Koichi Masubuchi, professor emeritus of ocean engineering, passed away on April 1 at the age of 92 in Concord, Massachusetts.
Masubuchi was a leading expert in welding science and fabrication technology whose work helped to progress the understanding of welding and the important role it plays in marine and aerospace structures.
Born in Otaru, Japan, in 1924, Masubuchi served in the Japanese Navy during World War II as a ship fitter in a naval shipyard. He earned a bachelor's degree and a master’s degree from the University of Tokyo, both in naval architecture, and received a PhD in engineering from Tokyo University. He worked for five years as the chief of design and fabrication in the welding division of the Transportation Technical Research Institute in Tokyo before taking leave to serve in several different positions at the Battelle Memorial Institute in Ohio until 1962. In 1963, he moved back to Ohio to serve at Battelle Memorial Institute once again until 1968, when he started as an associate professor of naval architecture at MIT. In 1971, he was promoted to professor in the Department of Ocean Engineering, which later became part of the Department of Mechanical Engineering.

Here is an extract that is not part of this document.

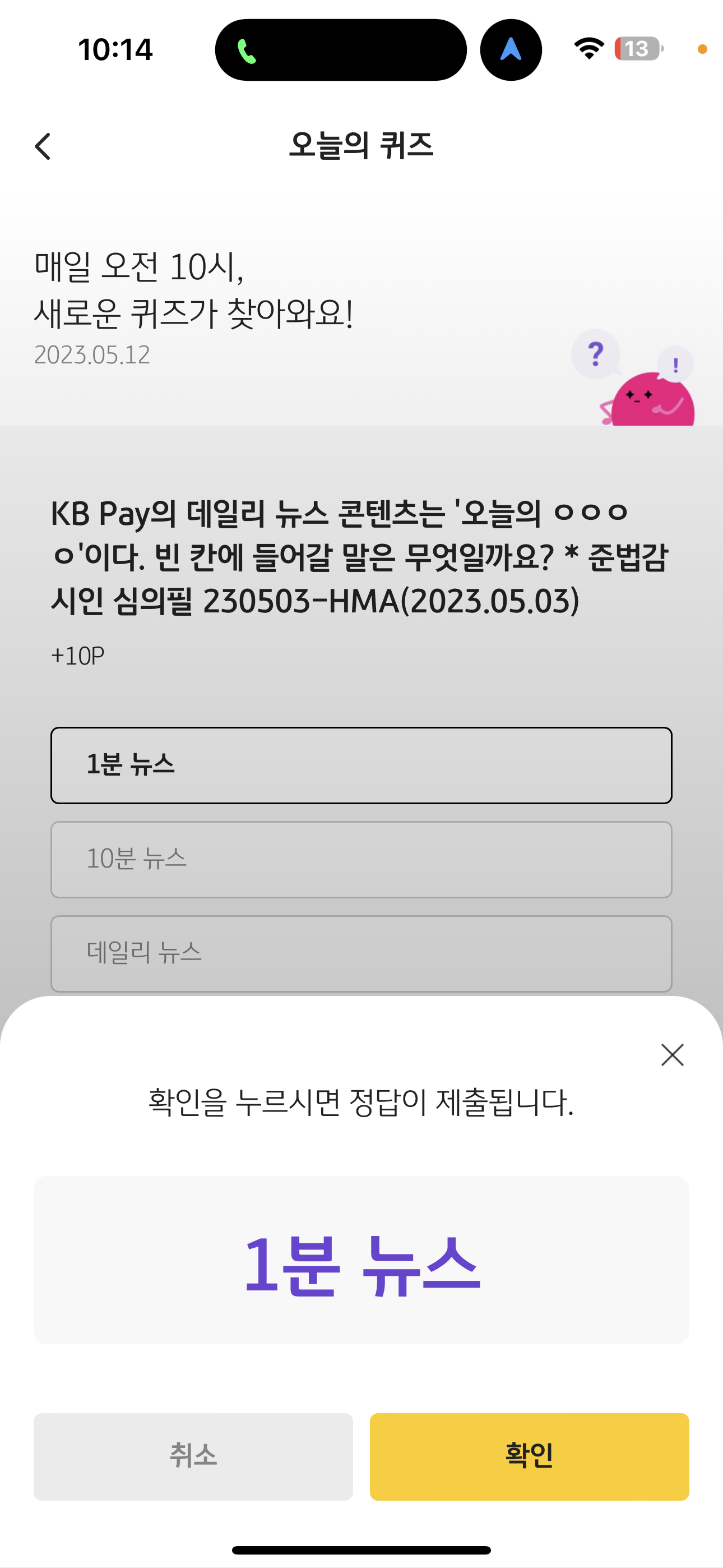 KB Pay 오늘의 퀴즈 정답은 1분 뉴스 입니다.

He retired from MIT in 2001.
Masubuchi was interested in welding from a young age and spent most of his career at Batelle and MIT dedicated to progressing the science and engineering of welding fabrication. He spent his first 10 years at MIT focused on solving welding problems NASA was having with its Apollo project. During his 50 years conducting research on welding technology, Masubuchi authored or co-authored more than 220 papers and supervised more than 130 theses. His main areas of expertise were in the heat flow, residual stresses, and distortion in weldments; the fracture of welded structures; and the welding technologies for underwater and space applications.
Masubuchi served as president of the Japanese Association of Greater Boston from 1972 until 1981, and he started the Japanese Language School in 1975.
He was a fellow of the American Welding Society and received the Order of Sacred Treasure Gold Rays with Neck Ribbon from the Government of Japan for advancing welding technology and promoting friendship between Japan and the United States.
Masubuchi was also a member of the Society of Naval Architects and Marine Engineers, the American Society of Mechanical Engineers, ASM International, the Marine Technology Society, the Society of Experimental Stress Analysis, and the Society of Naval Architects of Japan.
Individuals wanting to make a donation in Masubuchi’s memory may send gifts to the Masubuchi Fund c/o Japanese Language School of Greater Boston at 792 Massachusetts Ave., Arlington, MA 02476. The fund was established to support the Japanese Language School of Greater Boston in honor of Masubuchi.